We evaluated linkage disequilibrium (LD) decay in each durian population by calculating the correlation coefficient (r²) between pairs of SNPs at varying distances. For each population, r² was averaged in bins of physical distance, and the decay of LD with distance was plotted. The point at which r² drops to half of its maximum value was used as an indicator of the LD decay rate, reflecting historical recombination and effective population size. Faster LD decay implies higher recombination or more diverse haplotypes in that population. We also used population allele frequency spectra and the extent of diversity to infer whether any populations showed signs of past bottlenecks or expansions.

Detection of selective sweeps and candidate genes

To identify genomic regions and genes under selection, we scanned the genome for signatures of selective sweeps. Two complementary approaches were used: (1) Population differentiation (Fst) outlier analysis: We looked for genomic windows 50 kb windows sliding across the genome) with exceptionally high Fst values between populations, indicating loci that differ markedly and might have been targets of divergent selection. (2) Reduction in genetic diversity: We calculated the ratio of nucleotide diversity (π) between populations (or compared π in each population to the overall π) to find regions of unusually low diversity in one or more populations, a hallmark of recent selective sweeps. We also computed Tajima’s D in sliding windows to detect deviations from neutral allele frequency spectra. Regions simultaneously showing high between-population Fst, low within-population diversity, and extreme Tajima’s D were flagged as candidate sweep regions. Functional annotation of genes was performed using eggNOG-mapper v256 based on the eggNOG orthology database.

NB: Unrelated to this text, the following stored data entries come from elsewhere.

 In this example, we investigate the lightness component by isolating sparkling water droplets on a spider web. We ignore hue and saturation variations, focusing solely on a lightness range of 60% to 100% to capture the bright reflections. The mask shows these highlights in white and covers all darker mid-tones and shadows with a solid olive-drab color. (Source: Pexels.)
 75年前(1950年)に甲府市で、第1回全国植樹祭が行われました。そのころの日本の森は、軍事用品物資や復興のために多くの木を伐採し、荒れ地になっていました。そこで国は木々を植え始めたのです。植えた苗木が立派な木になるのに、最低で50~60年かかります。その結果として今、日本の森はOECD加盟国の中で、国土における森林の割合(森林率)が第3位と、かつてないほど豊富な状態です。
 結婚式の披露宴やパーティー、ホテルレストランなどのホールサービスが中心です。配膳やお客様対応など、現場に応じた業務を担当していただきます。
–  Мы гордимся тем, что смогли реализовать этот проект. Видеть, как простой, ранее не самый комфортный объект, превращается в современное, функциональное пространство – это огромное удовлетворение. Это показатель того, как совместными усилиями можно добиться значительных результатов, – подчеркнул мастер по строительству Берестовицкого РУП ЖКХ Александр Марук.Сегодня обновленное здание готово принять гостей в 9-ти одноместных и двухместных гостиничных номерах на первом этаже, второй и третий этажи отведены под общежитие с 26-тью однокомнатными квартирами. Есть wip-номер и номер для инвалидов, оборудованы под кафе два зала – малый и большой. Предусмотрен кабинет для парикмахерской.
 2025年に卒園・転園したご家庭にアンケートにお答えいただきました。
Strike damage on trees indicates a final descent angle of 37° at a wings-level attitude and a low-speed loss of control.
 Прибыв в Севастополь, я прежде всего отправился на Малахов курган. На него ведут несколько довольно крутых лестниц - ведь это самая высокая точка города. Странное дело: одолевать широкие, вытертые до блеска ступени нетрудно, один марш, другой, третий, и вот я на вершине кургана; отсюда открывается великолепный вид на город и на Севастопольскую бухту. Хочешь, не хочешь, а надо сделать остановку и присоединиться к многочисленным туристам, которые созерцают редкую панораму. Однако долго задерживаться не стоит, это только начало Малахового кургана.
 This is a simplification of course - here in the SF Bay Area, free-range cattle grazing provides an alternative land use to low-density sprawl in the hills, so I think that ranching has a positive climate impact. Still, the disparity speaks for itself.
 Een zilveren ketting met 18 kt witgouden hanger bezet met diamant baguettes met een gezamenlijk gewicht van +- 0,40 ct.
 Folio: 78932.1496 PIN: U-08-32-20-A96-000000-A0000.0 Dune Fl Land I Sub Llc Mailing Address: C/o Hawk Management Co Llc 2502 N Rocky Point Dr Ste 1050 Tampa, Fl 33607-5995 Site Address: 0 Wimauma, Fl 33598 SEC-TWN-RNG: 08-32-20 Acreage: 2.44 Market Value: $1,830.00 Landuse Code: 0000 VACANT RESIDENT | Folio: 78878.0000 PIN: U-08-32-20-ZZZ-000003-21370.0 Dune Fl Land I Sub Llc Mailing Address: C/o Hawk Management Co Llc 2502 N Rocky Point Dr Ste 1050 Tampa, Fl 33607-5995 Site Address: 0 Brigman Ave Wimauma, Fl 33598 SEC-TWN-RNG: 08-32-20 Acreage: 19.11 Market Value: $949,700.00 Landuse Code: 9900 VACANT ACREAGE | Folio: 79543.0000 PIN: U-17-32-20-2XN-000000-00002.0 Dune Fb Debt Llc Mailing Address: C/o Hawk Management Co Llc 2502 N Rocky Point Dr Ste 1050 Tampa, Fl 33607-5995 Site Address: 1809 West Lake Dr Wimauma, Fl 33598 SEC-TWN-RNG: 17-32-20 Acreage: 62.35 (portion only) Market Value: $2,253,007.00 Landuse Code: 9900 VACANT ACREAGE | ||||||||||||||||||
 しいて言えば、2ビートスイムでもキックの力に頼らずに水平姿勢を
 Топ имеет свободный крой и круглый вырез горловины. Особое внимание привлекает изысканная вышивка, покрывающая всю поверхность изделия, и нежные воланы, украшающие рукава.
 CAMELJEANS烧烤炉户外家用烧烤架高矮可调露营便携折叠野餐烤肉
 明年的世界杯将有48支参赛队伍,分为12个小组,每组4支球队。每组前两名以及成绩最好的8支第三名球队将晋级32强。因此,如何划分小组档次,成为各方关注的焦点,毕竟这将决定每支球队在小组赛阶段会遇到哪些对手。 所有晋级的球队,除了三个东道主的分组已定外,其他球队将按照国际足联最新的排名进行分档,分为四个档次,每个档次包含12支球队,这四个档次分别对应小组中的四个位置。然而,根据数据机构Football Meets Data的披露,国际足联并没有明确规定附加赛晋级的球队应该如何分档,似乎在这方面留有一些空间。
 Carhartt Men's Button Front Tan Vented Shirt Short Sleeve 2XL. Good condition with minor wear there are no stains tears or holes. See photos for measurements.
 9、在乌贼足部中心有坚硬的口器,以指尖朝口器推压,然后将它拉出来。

Statistics and reproducibility

No statistical tests were used in this study, as the analyses were based on whole-genome resequencing and population-level genomic comparisons. Genotype data were generated from 114 biologically independent durian accessions. Each accession represents a distinct individual sampled from geographically diverse cultivation areas. Variant calling, population structure, and diversity analyses were performed using standard bioinformatics tools with default parameters as described. All analyses were conducted using publicly available software, and the results were consistent across the dataset. No experiments were repeated, as the data were not generated from replicated experimental conditions but rather represent natural genetic variation across independent samples. Where applicable, population genetic statistics such as nucleotide diversity (π), fixation index (Fst), and linkage disequilibrium decay (r²) were calculated using VCFtools (v0.1.16)55 and custom scripts. Parameters and sample groupings are provided in the “Methods” and Supplementary Tables. No formal hypothesis testing was conducted.